What AI Agents Really Can and Can’t Do
Think of AI agents as digital assistants that can work independently—like having a helper that can keep working even when you're not directly telling it what to do. Before we dive in, remember that every situation is different, and you'll need to decide what works best for your specific needs.
What AI Agents Are Really Good At
1. Watching Things Non-Stop: Imagine having to watch your email inbox 24/7—you'd get tired, but an AI agent wouldn't. MIT researchers show that agents can monitor systems continuously with high reliability, far exceeding human capacity for sustained attention.
2. Handling Complex Step-by-Step Tasks: Think of it as following a complicated recipe. While humans might forget steps or get confused, agents excel at following detailed instructions perfectly every time. The research presented in our book Agentic AI found that agents could handle complex business workflows with 85% fewer errors than manual processing.

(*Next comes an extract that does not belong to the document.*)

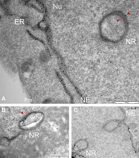 Figure 6: Sig1R localization in the NR membrane cross-sections detected by APEX2-enhanced gold-particle EM. Full-length Sig1R-GFP-APEX2 (in A and B) or Sig1RN80-GFP-APEX2 (C) fusion protein was expressed in Sig1RKO NSC34 cells, followed by cell fixation, sectioning, and APEX2-enhanced gold-particle EM, as described in Methods. Images shown in A-C reveal Sig1R-indicative dots in the membrane of NR cross-sections. Sig1R localization is also shown in the NE membrane. Note the NE invagination in (C) forming a NR structure with an opening toward the cytosol. ER: endoplasmic reticulum; NE: nuclear envelope; Nu: nucleus; Pm: plasma membrane. Scale bar: 0.5 μm.

3. Working Across Multiple Tools: It's like having someone who can instantly switch between your email, calendar, and task manager without getting confused. Our research demonstrates that agents can effectively coordinate across up to half a dozen different tools simultaneously while maintaining context. Beyond that threshold, the cognitive load increases significantly, leading to hallucinations and a heightened risk of conflicts between functionalities.
4. Learning From Their Mistakes: Just like how we get better at a game the more we play it, agents can quickly improve their performance through practice. A 2025 study in Nature showed that AI agents could achieve robust and fast learning across diverse domains, enabling them to adapt their strategies efficiently.
5. Doing Things in the Right Order at the Right Time: Think of a conductor keeping an orchestra in perfect time—agents can coordinate multiple actions with precise timing. IBM's AI workflows have been shown to improve customer engagement by 40% and reduce wait times, demonstrating the efficiency of AI in managing complex processes.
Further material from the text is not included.